|
Seventy-five years ago, Knopf published The Maltese Falcon, a novel by Dashiell Hammett, a popular contributor of short stories and serializations to the detective fiction magazine Black Mask. Hammett already had two novels under his belt, Red Harvest and The Dain Curse, both of which were respected but hardly made him a superstar. Upon its publication, The Maltese Falcon received excellent reviews and cemented its author’s reputation as a top-notch crime writer. The influence of The Maltese Falcon, however, was far from complete. John Huston’s 1941 film version, starring Humphrey Bogart and Mary Astor, catapulted the story into the upper echelon of American popular culture. Bogart’s portrayal of Sam Spade, the tough-nosed private investigator at the center of the plot, brought Hammett’s wonderful and multi-faceted character to a wider audience.
In the years since, readership and critical respect for Hammett’s work has grown. Not only has his conception of the detective story had wide influence on the genre, but the genre itself has gone from being viewed as cheap pulp fiction to being one the classic benchmarks in 20th century American culture. One need look no further than the fact the Library of America has devoted two entire volumes to Hammett, ensuring that his oeuvre will remain in print indefinitely.
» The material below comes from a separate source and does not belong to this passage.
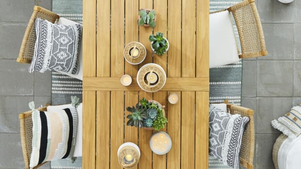 The Walmart-exclusive collection debuts with 30 outdoor home and décor items including planters, rugs, throw pillows, lanterns, a wide porch swing, and an outdoor dining table.

This year marks the 75th anniversary of the publication of The Maltese Falcon, and Vintage Crime/Black Lizard has reissued the book, along with 1934’s The Thin Man, 1929’s Red Harvest, and a best-of collection of Hammett’s work, Vintage Hammett. All four volumes are sleek, attractive paperbacks at an affordable price. While all these works have been widely available (in other paperback editions as well as in the Library of America volumes), their reissue provides an opportunity to assess how Dashiell Hammett fits into our culture today. Does The Maltese Falcon still have anything to say to us? In a post-civil rights, post-feminism, postmodern world, what use do we have for hard-drinking, fast-talking, no-nonsense characters like Sam Spade?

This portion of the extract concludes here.